By contrasting operating in 'the manner of a servant' with 'choosing with ultimate freedom' William further clarifies how God and his creation differ; whereas all creatures, including the ten intelligences, are completely subject to God's will and thereby act without freedom or choice, there is no necessity in God's willing. William's point is not just that God cannot be forced to create, for that would involve simply freedom from coercion, but that it is up to God to choose to create or not to create. Unlike all of nature, God is (1) not coerced by something else, and (2) is not necessitated by his nature, but (3) freely chooses to act or not to act, to do this or to do that.

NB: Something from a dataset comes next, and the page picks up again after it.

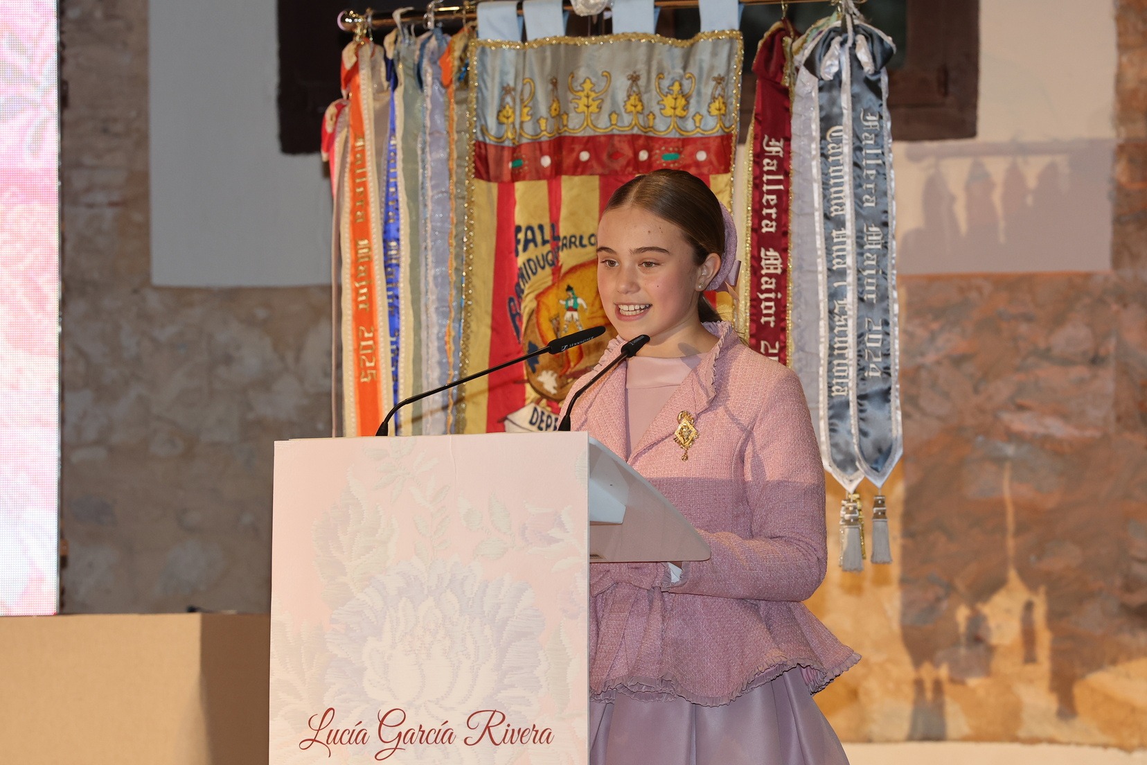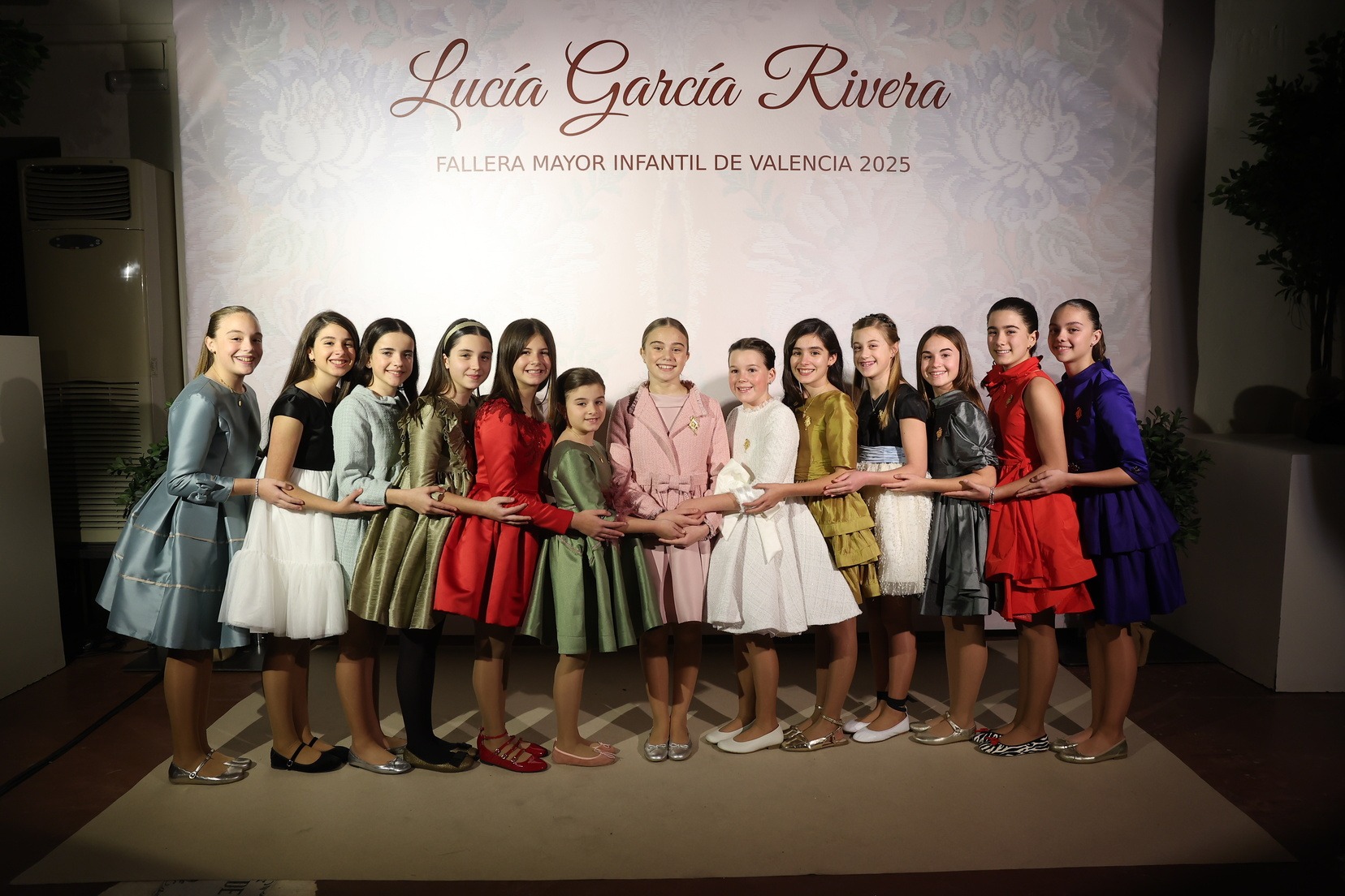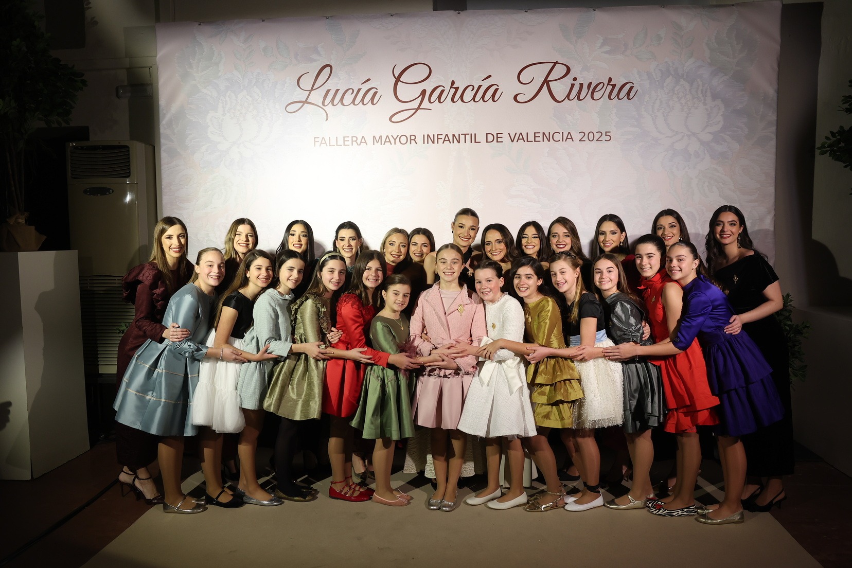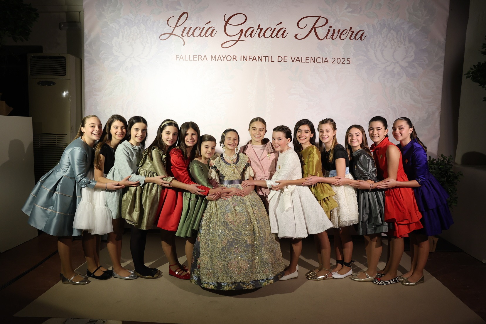 El acto ha contado también con la presencia de Marta Mercader Roig, la actual Fallera Mayor Infantil de Valencia, con quien Lucía ha compartido un momento que ha simbolizado el relevo entre ejercicios y la continuidad de la representación infantil dentro de la fiesta.

Avicenna's distinction is also used to defeat one of the three Avicennian arguments for an eternal universe discussed by William.14 In brief, the argument runs as follows: if a voluntary agent is not to be different in will, knowledge or power before or after he acts, and if the agent has the same obstacles or helps in both situations, it is necessary that the agent either never begins to act or was acting before.15 Otherwise, Avicenna asks, what reason or cause could there be to explain why the agent acts now rather than later. Yet, since God is uniquely immutable in every respect and since there was nothing before he created the universe to help or impede his creation, God must be the same in every respect from eternity as when he created the world. The argument concludes, "Hence, it is necessary that the creator created the world as soon as he existed, that is to say, from eternity.16

Although William provides several different arguments against Avicenna's view that the universe is co-eternal with God, I will limit my comments to those based upon what William has learned about God and nature from Avicenna. Namely, that whereas natural causes change when they act—either in themselves or in their relationship to the objects they acted upon—the creator "acts through a will that is most free and most dominant and immutable in every respect, and on this account his effects are joined to him when he wills and are separated from him when he wills" (William of Auvergne, Universe IIa-Iae.9; 127, Teske). Because God, unlike his creation, is absolutely free, William argues that:

.. .it is not necessary that he act or begin to act, except when he wills. And notice that it is possible that the creator now will something, but he could have not willed it without any change of his will. In us, however, just the opposite is necessarily the case, and you learned this elsewhere. On account of this Avicenna was mistaken on this point, and so too was Aristotle, for they did not see that the creator could will something and could not will it without any change of his will.17

Thus, by noting that the creator is not necessarily tied to his effects by his relationship to them, William rejected Avicenna's argument for an eternal universe by using Avicenna's own principle against him.